▶ _WORK ORDER_: Print out the data below in full and exactly, skipping the pictures.
Start of DATA EXTRACT
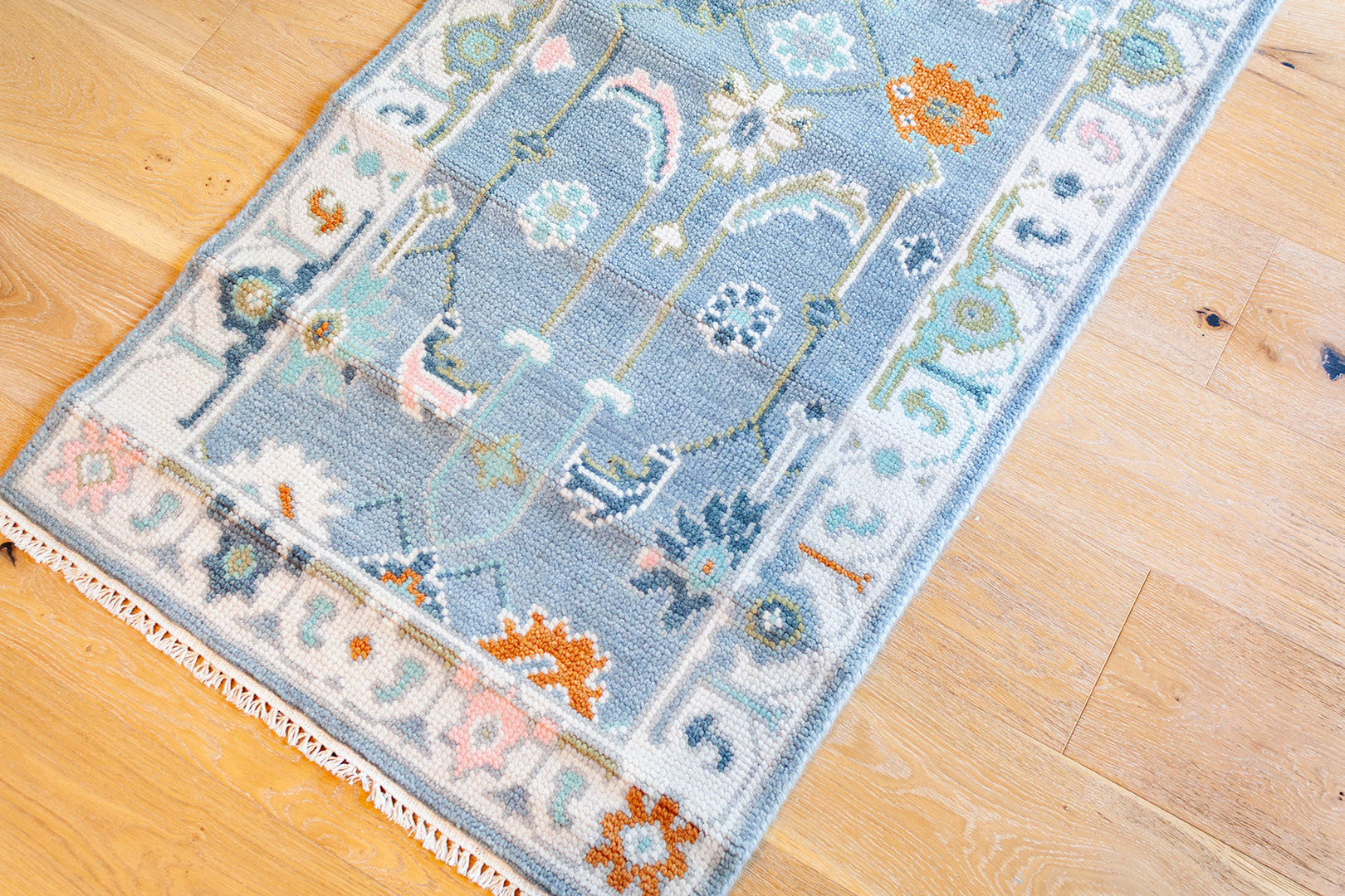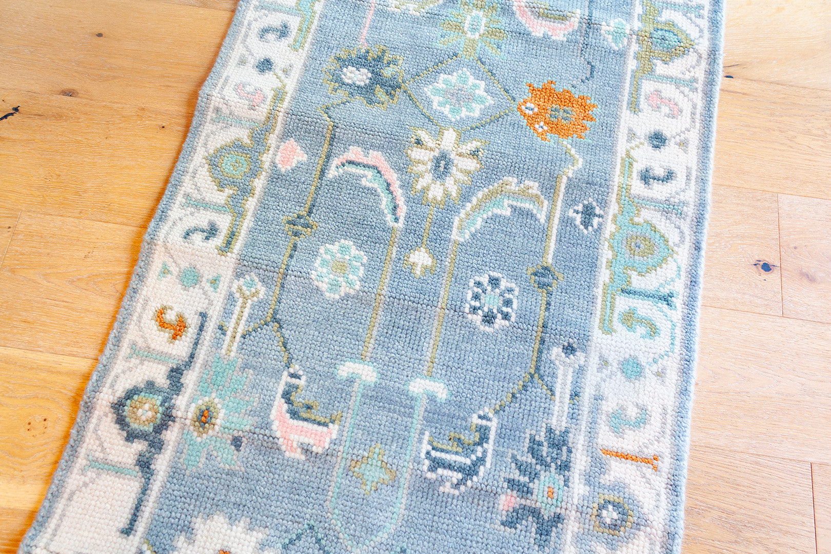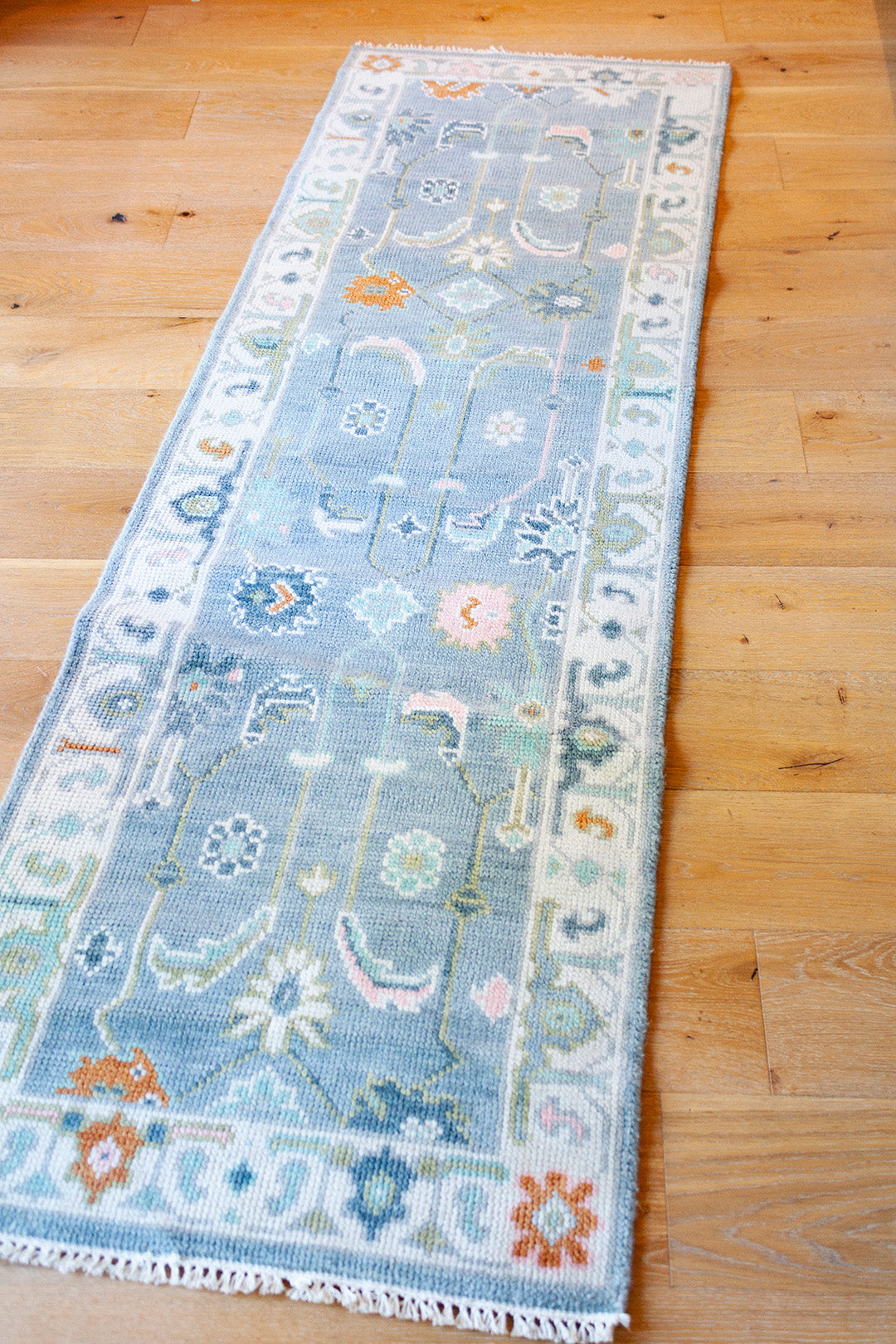 A beautiful handwoven runner featuring a classic Oushak–inspired pattern and multicolor, blue palette.
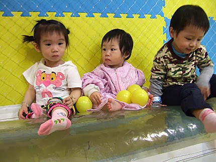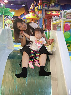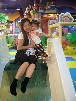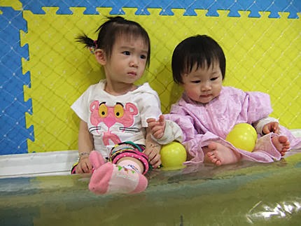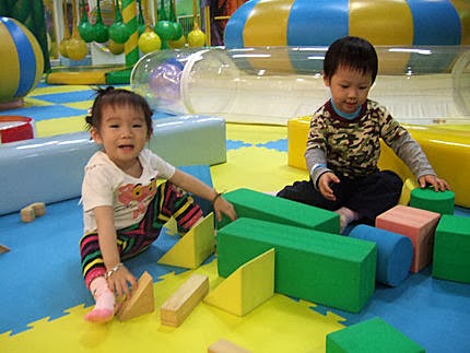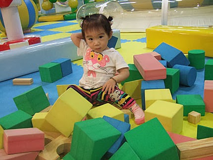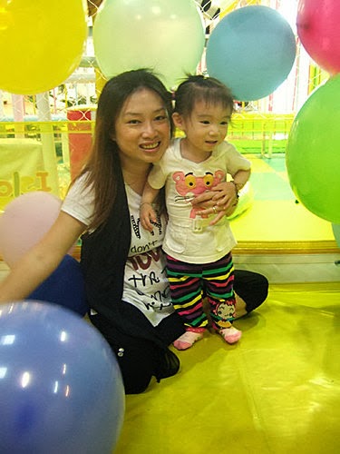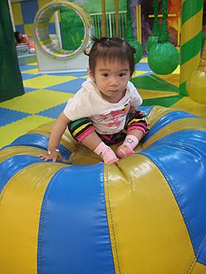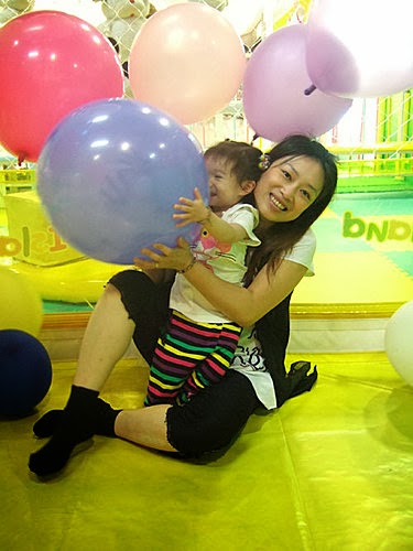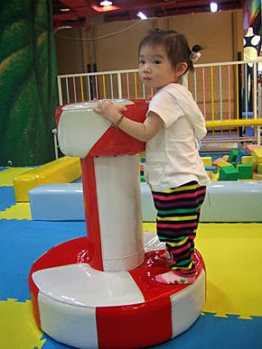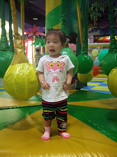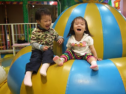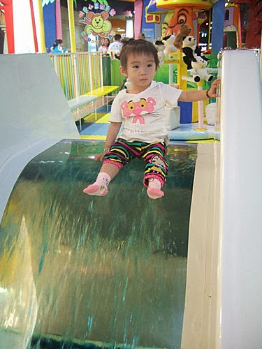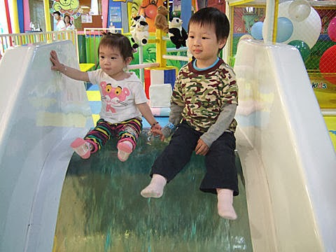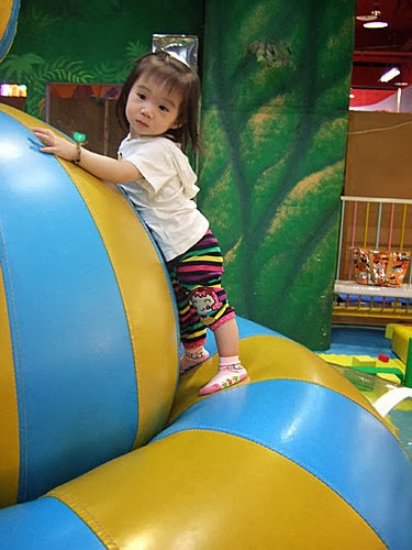 下午的時候~進來一大群的"大朋友"年紀約幼稚園大班~國小生,玩法粗暴又過動....我跟麻吉適情況不對,趕緊帶著小蘿蔔頭逃離現場嚕~
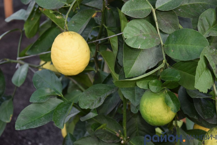 Лимони сорту Пандероза у теплиці державного підприємства «Маневицьке лісове господарство» на завершальній стадії дозрівання.
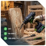 Šis galingas 20 V karšto oro fenas iš SHARE+SYSTEM serijos siūlo sklandų temperatūros reguliavimą nuo 50 °C iki 500 °C ir oro srautą nuo 100 iki 200 l/min.
End of DATA EXTRACT
▶ _RESULT BELOW_:
 A beautiful handwoven runner featuring a classic Oushak–inspired pattern and multicolor, blue palette.
 下午的時候~進來一大群的"大朋友"年紀約幼稚園大班~國小生,玩法粗暴又過動....我跟麻吉適情況不對,趕緊帶著小蘿蔔頭逃離現場嚕~
 Лимони сорту Пандероза у теплиці державного підприємства «Маневицьке лісове господарство» на завершальній стадії дозрівання.
 Šis galingas 20 V karšto oro fenas iš SHARE+SYSTEM serijos siūlo sklandų temperatūros reguliavimą nuo 50 °C iki 500 °C ir oro srautą nuo 100 iki 200 l/min.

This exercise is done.